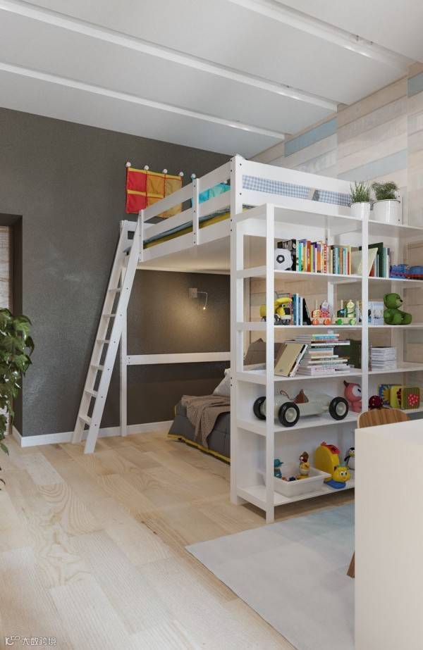 4 | Masha Gluzdakova设计师最后一个房间是最小的,但是完全的现代化设计手法。定制的腾空白色木板床和床下松软的沙发,给天性好动的小男生和他的小伙伴提供了一个舒适的娱乐环境。
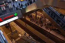 La superficie total es de 70 000 m² distribuidos en cinco plantas, con un total de 15 000 m² para restaurantes y comercios situados en las tres plantas centrales, mientras que la superior e inferior albergan los andenes ferroviarios. A ambos lados de la estación se alzan dos bloques de oficinas y viviendas.
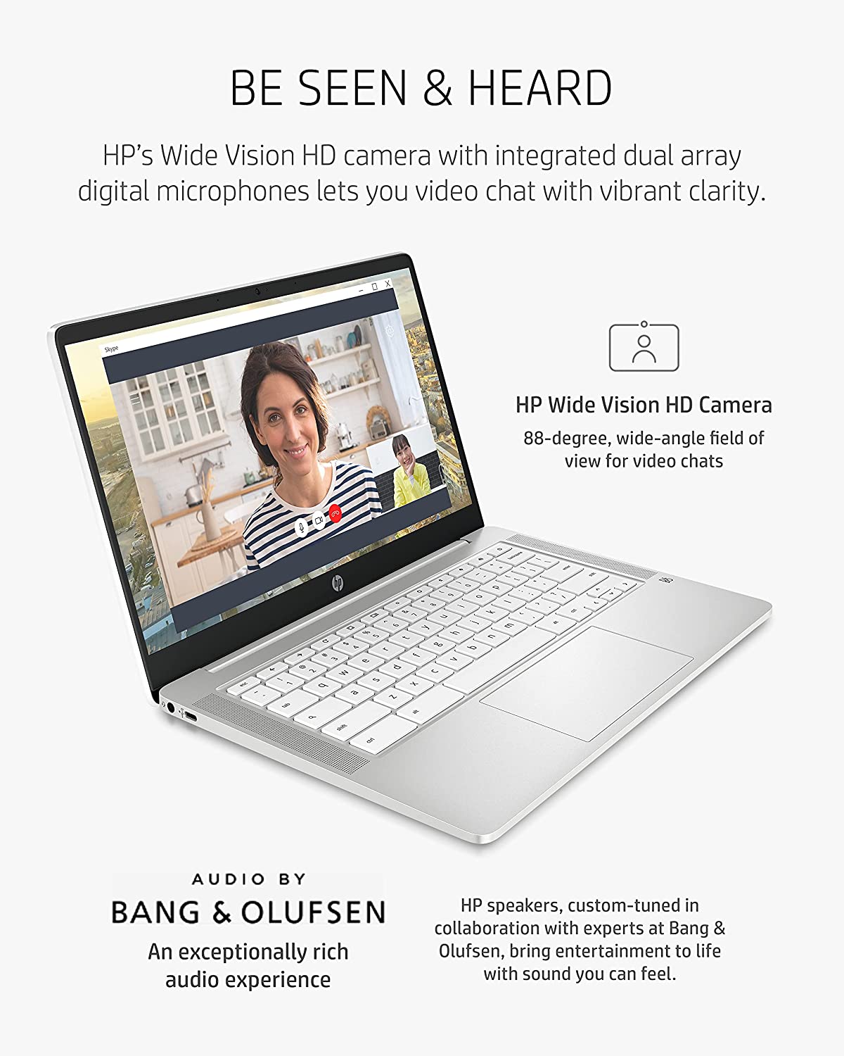 The HP Chromebook empowers you to work more efficiently from the comfort of your own home. The 14” HD (1366 x 768) micro-edge, anti-glare (1) display makes images appear crisp. With Intel® Celeron® N4000 (2) processing power and Intel® UHD Graphics 600 (3), binge watching, gaming, and music are taken to new heights. Securely storing and quickly accessing your work is a breeze with 32 GB eMMC storage (4) and 4 GB of RAM. Work and entertainment doesn’t have to end with up to 13 hours and 30 minutes of streaming power (5) with mixed usage. The Chrome operating system lets you effortlessly navigate through tabs and programs. Your Chromebook is protected with HP’s 1-year limited hardware warranty. Easily communicate with colleagues and friends with the HP Wide Vision HD camera (6) with integrated dual array digital microphones. The Wi-Fi® 5 (2x2) and Bluetooth® 5.0 combo (7) keeps your connection clear so you can continue to work with efficiency. This lightweight computer is 3.24lbs (8), allowing you to easily store it in your Chromebook case for on-the-go use. Reduce your carbon footprint by working with HP ENERGY STAR® certified (9) and EPEAT® Silver registered (10) computers. (1) High-definition (HD) content is required to view high definition images. (2) Multi-core is designed to improve performance of certain software products. Not all customers or software applications will necessarily benefit from use of this technology. Performance and clock frequency will vary depending on application workload and your hardware and software configurations. Intel’s numbering, branding and/or naming is not a measurement of higher performance. Intel, Pentium, Intel Core, Celeron, Iris Xe, Intel logo and the Intel Inside logo are trademarks of Intel Corporation in the U.S. and other countries. (3) Shared video memory (UMA) uses part of the total system memory for video performance. System memory dedicated to video performance is not available for other use by other programs. (4) For storage drives, GB = 1 billion bytes. Actual formatted capacity is less. Portion of internal system storage is reserved and not user accessible. (5) Testing conducted by HP using Google Chrome OS power LoadTest. Battery life will vary and the maximum capacity of the battery will naturally decrease with time and usage. See chromium.org/chromium-os/testing/power-testing for test details. (6) Features may require software or other 3rd party applications to provide the described functionality. Internet service required and not included. (7) Wireless access point and internet service required and sold separately. Availability of public wireless access points limited. Wi-Fi 5 (802.11ac) is backwards compatible with prior Wi-Fi 5 specs. Bluetooth® is a trademark owned by its proprietor and used by Hewlett-Packard Company under license. (8) Weight and system dimensions may fluctuate due to configuration and manufacturing variances. (9) ENERGY STAR and the ENERGY STAR mark are registered trademarks owned by the U.S. Environmental Protection Agency. (10) Based on U.S. EPEAT® registration according to IEEE 1680.1-2018 EPEAT®. EPEAT® status varies by country. Visit www.epeat.net for more information. High-definition (HD) content is required to view high definition images.

◆ ◆ ◆ ◆ ◆ ◆ ◆

→ **Work task**:
Set down the material above as is, without any pictures.

→ **Exercise answer**:
 4 | Masha Gluzdakova设计师最后一个房间是最小的,但是完全的现代化设计手法。定制的腾空白色木板床和床下松软的沙发,给天性好动的小男生和他的小伙伴提供了一个舒适的娱乐环境。
 La superficie total es de 70 000 m² distribuidos en cinco plantas, con un total de 15 000 m² para restaurantes y comercios situados en las tres plantas centrales, mientras que la superior e inferior albergan los andenes ferroviarios. A ambos lados de la estación se alzan dos bloques de oficinas y viviendas.
 The HP Chromebook empowers you to work more efficiently from the comfort of your own home. The 14” HD (1366 x 768) micro-edge, anti-glare (1) display makes images appear crisp. With Intel® Celeron® N4000 (2) processing power and Intel® UHD Graphics 600 (3), binge watching, gaming, and music are taken to new heights. Securely storing and quickly accessing your work is a breeze with 32 GB eMMC storage (4) and 4 GB of RAM. Work and entertainment doesn’t have to end with up to 13 hours and 30 minutes of streaming power (5) with mixed usage. The Chrome operating system lets you effortlessly navigate through tabs and programs. Your Chromebook is protected with HP’s 1-year limited hardware warranty. Easily communicate with colleagues and friends with the HP Wide Vision HD camera (6) with integrated dual array digital microphones. The Wi-Fi® 5 (2x2) and Bluetooth® 5.0 combo (7) keeps your connection clear so you can continue to work with efficiency. This lightweight computer is 3.24lbs (8), allowing you to easily store it in your Chromebook case for on-the-go use. Reduce your carbon footprint by working with HP ENERGY STAR® certified (9) and EPEAT® Silver registered (10) computers. (1) High-definition (HD) content is required to view high definition images. (2) Multi-core is designed to improve performance of certain software products. Not all customers or software applications will necessarily benefit from use of this technology. Performance and clock frequency will vary depending on application workload and your hardware and software configurations. Intel’s numbering, branding and/or naming is not a measurement of higher performance. Intel, Pentium, Intel Core, Celeron, Iris Xe, Intel logo and the Intel Inside logo are trademarks of Intel Corporation in the U.S. and other countries. (3) Shared video memory (UMA) uses part of the total system memory for video performance. System memory dedicated to video performance is not available for other use by other programs. (4) For storage drives, GB = 1 billion bytes. Actual formatted capacity is less. Portion of internal system storage is reserved and not user accessible. (5) Testing conducted by HP using Google Chrome OS power LoadTest. Battery life will vary and the maximum capacity of the battery will naturally decrease with time and usage. See chromium.org/chromium-os/testing/power-testing for test details. (6) Features may require software or other 3rd party applications to provide the described functionality. Internet service required and not included. (7) Wireless access point and internet service required and sold separately. Availability of public wireless access points limited. Wi-Fi 5 (802.11ac) is backwards compatible with prior Wi-Fi 5 specs. Bluetooth® is a trademark owned by its proprietor and used by Hewlett-Packard Company under license. (8) Weight and system dimensions may fluctuate due to configuration and manufacturing variances. (9) ENERGY STAR and the ENERGY STAR mark are registered trademarks owned by the U.S. Environmental Protection Agency. (10) Based on U.S. EPEAT® registration according to IEEE 1680.1-2018 EPEAT®. EPEAT® status varies by country. Visit www.epeat.net for more information. High-definition (HD) content is required to view high definition images.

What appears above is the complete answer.